Not so long ago, a straightforward purchase was the norm when buying a tractor. You paid cash on delivery, which then turned into a 0% finance deal or a one-plus-two annual payment with a little interest added on. Life was relatively simple. Everyone was happy.

But that has all changed. Low commodity prices and uncertainty over post-Brexit support for agriculture mean everything is in a state of flux. And until prospects become clearer, the time for further penny-pinching has arrived – at least when it comes to farm machinery.

To hire or to buy? Well, as an example, let’s look at a typical main farm tractor working 750 to 1,000 hours per season. To buy a tractor will cost more than £100,000 – especially if you want a machine with front linkage, front PTO and guidance ready.

Instead, I asked two firms about a 10-week hire and obtained the following quotes: My main tractor dealer wanted £800 per week for a 220 horse power, whereas a full-time hire specialist wanted £720, £730 and £750 for similar sized tractors but all different colours.

I’m rather disorganised and perhaps the higher prices reflected a late enquiry. Had I broached the subject six months ago, I could have saved myself some money. But none of the tractors could be supplied with guidance – which is unfortunate as these days I can’t drive straight without it.


Financially, though, the benefits of hire look promising. Machinery hire can be put against taxable income and the cost of any expensive breakdown falls on the supplier’s shoulders with a replacement machine delivered to the field within 24 hours.

Had I been more organised, a 10-week hire would have got me the spec I wanted and a nearly new machine – without any repair bills. It is a very tempting offer and perhaps therefore unsurprising that many farms now hire in all or most of their main machines.

There are other advantages too. If your farm requires the services of part-time staff, then the hire fleet is probably the best way forward. If you want to purchase your own tractors and expect casual staff to look after them then you may be looking at an expensive problem.

Being an owner-driver, my main concern is that I expect high standards. If they drop, it is not a happy ship – and that is putting it bluntly. A brand new tractor standing in the yard is a special event. New cars do not interest me but a new tractor earns me money.

Owner-drivers like me all have our little funny ways. After taking delivery of a new tractor, it is nice to move my essentials into the pristine cab and put everything in its proper place – including my pen, pencil, notebook, calculator and mobile phone.

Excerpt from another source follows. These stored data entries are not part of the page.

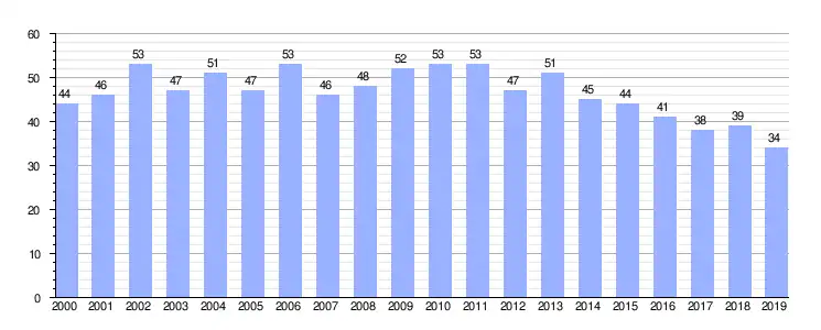 Población de derecho (2000-2010) según los censos de población del INE a 1 de enero de cada año.[3]
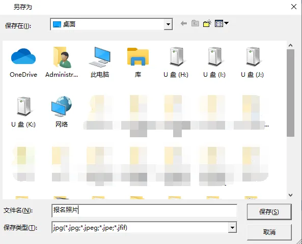 ④审核通过后,点击"保存照片文件"按钮,保存审核合格后的照片文件到桌面(默认文件名为:报名照片.jpg)。
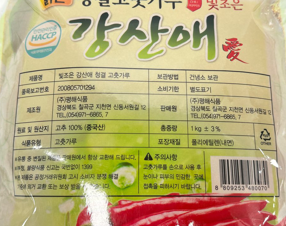 | 품목 또는 명칭 | 강산애)굵은 청결고춧가루·1kg(중국산)/평해식품 |
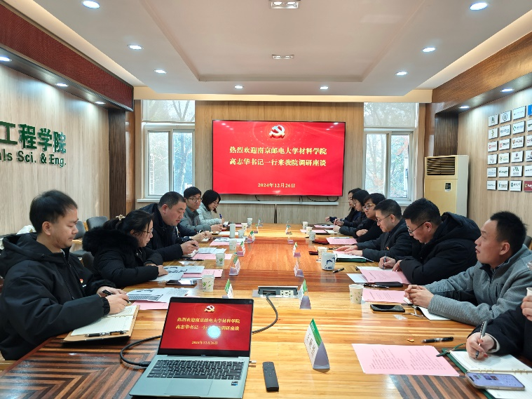 为进一步加强学习调研,高质量开展党建“双创”标杆院系建设,材料科学与工程学院党委书记高志华带队,以“走访调研学经验,对标先进取真经”为目的,赴相关兄弟高校开展党建联动、调研学习。2024年12月26日,材料科学与工程学院党委书记高志华、党委副书记吕蔷蔷、江苏省特色党支部书记/高分子材料与工程系党支部书记黄艳琴、第二批全省党建工作“样板支部”培育建设单位/材料物理系党支部书记李明光、第三批全国高校“百个研究生样板党支部”创建单位/博士生党支部书记方栋、学院党委组织员刘丽娜一行7人,就高校党建“标杆院系”建设情况开展调研交流。南京林业大学材料科与工程学院党委书记孟国忠、党委副书记蔡志敏、木材科学与工程系党支部书记黄润州、能源动力与工程系党支部书记徐德良、组织员徐晔晗以及有关工作人员参加此次交流活动。
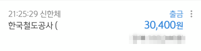 N카드 구매 비용을 캡쳐하지 않아서 통장 내역을 살펴보았습니다. 30,400원을 N카드 비용으로 사용했었네요. (1구간의 경우 더 저렴합니다. 동대구 - 서울 구간으로 했을 시에 21,700원입니다.) 그럼 할인은 얼마나 받았을까요? 총 8개의 승차권을 모두 40% 할인을 받았는데요.
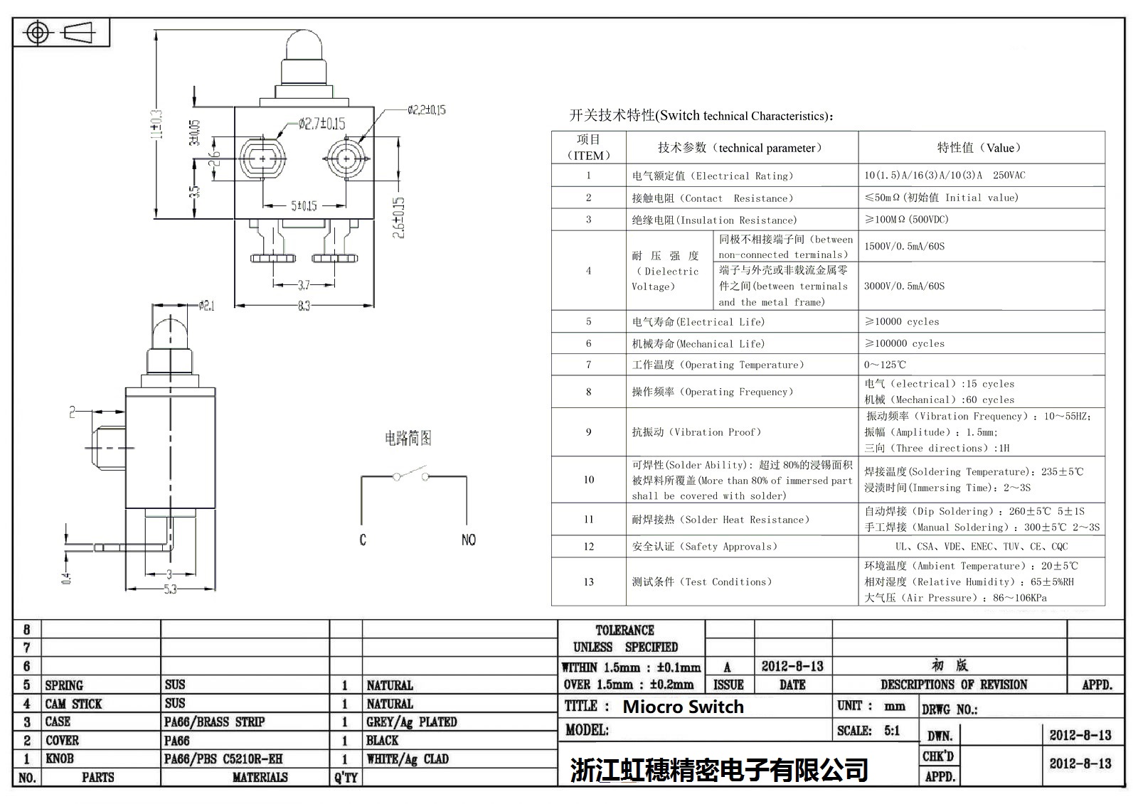 1.額定負(fù)荷: DC 30V 125V 250V 1A 5A 10A 16A
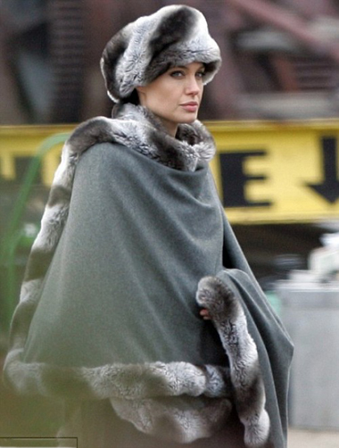 В меховой шапке и в подбитом мехом пончо героиня Джоли вынуждена пережить немало испытаний, чтобы отстоять свое доброе имя.
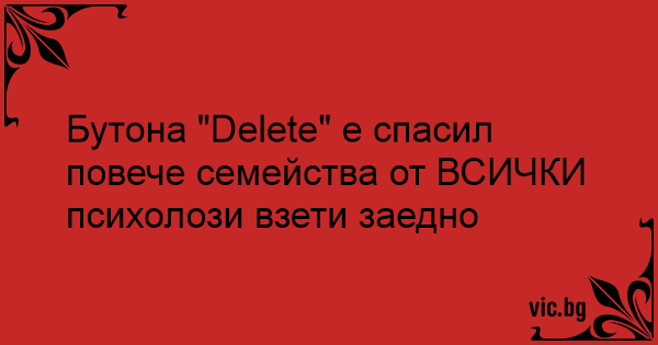 Бутона "Delete" е спасил повече семейства от ВСИЧКИ психолози взети заедно
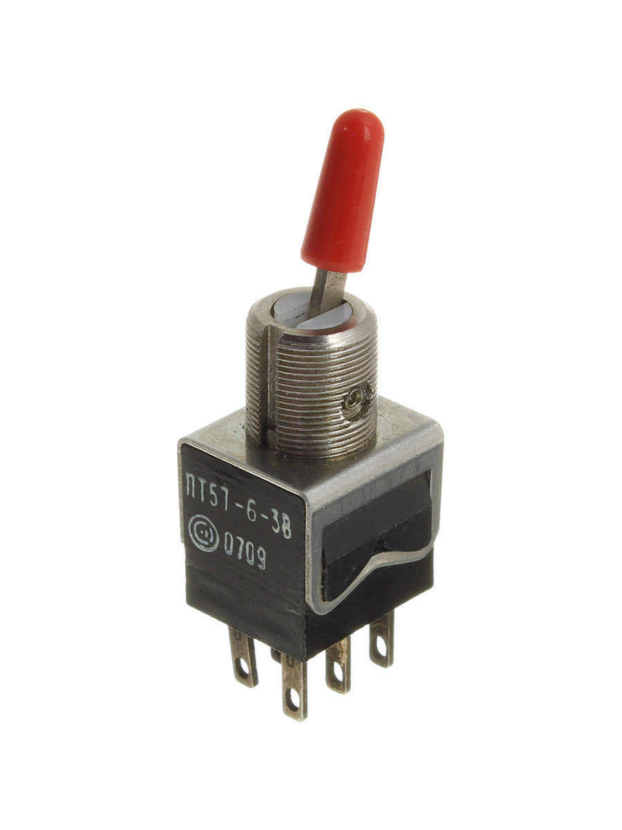 Тумблер ПТ57-6-3В миниатюрный перекидной переключатель для коммутации электрических цепей постоянного и переменного тока с частотой до 1000 Гц. Предназначен для работы в радиоэлектронной аппаратуре общего и специального назначения.
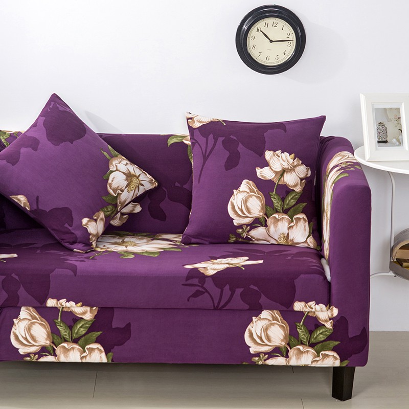 Bayar Di Tempat]Sarung Pelindung Sofa dengan Bahan Poliester Elastis dan Motif Bunga Warna Ungu | Shopee Indonesia
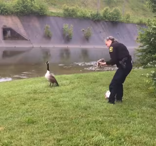 No es ciencia ficción, ni un cuento para niños. La historia es real y sucedió este pasado lunes cuando el agente de policía, James Givens, que se encontraba con su coche patrulla en un estacionamiento, se vio sorprendido por la llamada de atención de un ganso algo obstinado que no lo dejaría en paz.
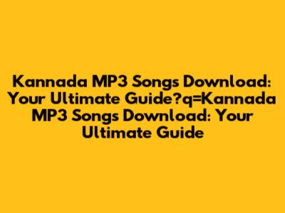 Q: Is it legal to download Kannada MP3 songs? A: Yes, if you download from legal sources such as streaming platforms with download options (Spotify, Apple Music) or online music stores (Amazon Music, Google Play Music). Downloading from unauthorized sources is illegal and infringes copyright laws.
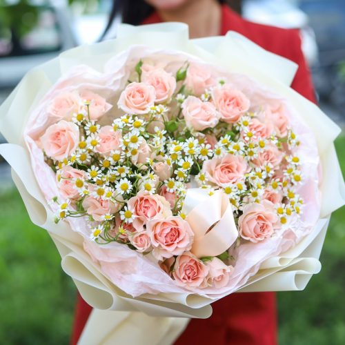 Ароматный букет кустовых роз и ромашек
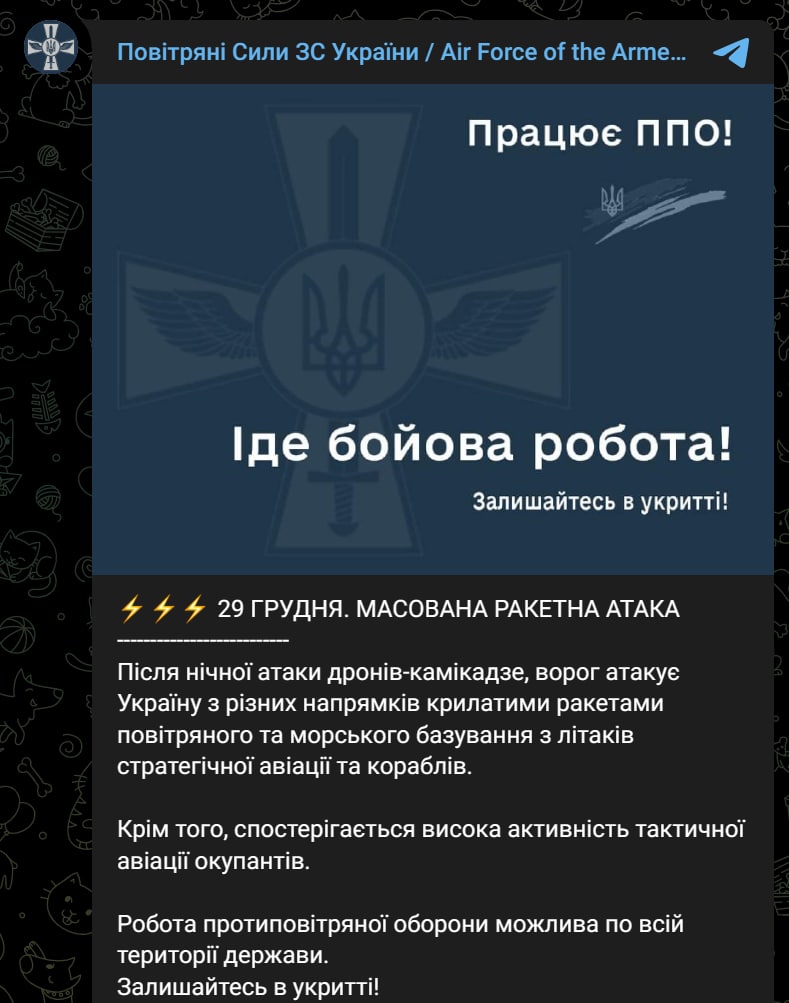 09:12 Воздушные силы Украины сообщают, что ракетная атака идет с разных направлений, как с воздуха, так и с моря. ПВО работает по всей стране.
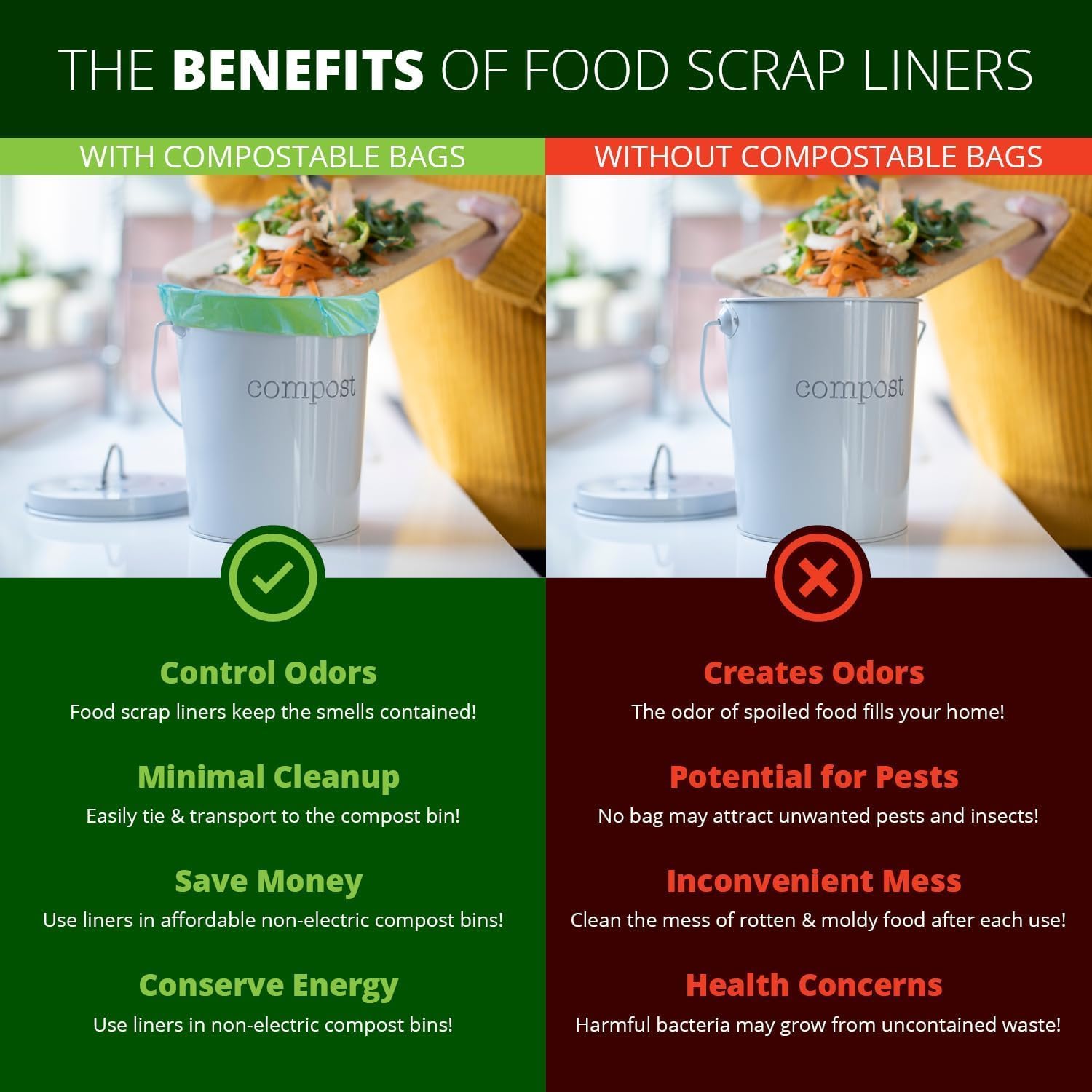 1.6 Gallon Compostable Trash Bags Handle, Heavy Duty Thick 0.6 Mil, 6.06 Liter, 50 Bags, Small Kitchen Food Scrap Waste Bag, ASTM D6400, US BPI and OK Compost Home Certified

It is probably why I have remained loyal to one particular colour tractor – I know everything will fit into its own place. My cab is neat and tidy and I find it reassuring that if I start off clean and tidy, somehow the tractor reflects my state of mind and the job goes well.

Perhaps it is the first step towards insanity. But many times I have helped a neighbour, sitting in their tractor beside a half-opened toolbox, spanners under my feet, a can of WD40 that sprays every time I sit down and a steering wheel and gear lever covered grease. Those jobs never go well.

Usually there is dust everywhere and a back window held shut by a cardboard wedge to boot. It is no way to look after a tractor – not even for a livestock farmer. One-man one-tractor is my motto and it has always worked for me.


Bear in mind too that it takes time and organisation to service a tractor and do the job right. If one man drives and looks after that tractor, everything is done on time. With multiple drivers, everybody assumes somebody else has done the servicing – and then breakdowns ensue.

Of course, fewer people these days pay cash on delivery for tractors – it’s an awful lot of money all at once. Thankfully, hire or lease purchase allows you to pay off the full amount over a set period – and provided you stick to the agreement, the machine is then yours.

I’m reluctant to change the habit of a lifetime. I like owning my main tractor – even though, as my accountant points out, there are probably better deals out there. But giving up ownership in favour of hire is not an easy decision – even if it makes financial sense.

As a result, I will be an owner-driver for a good few years yet.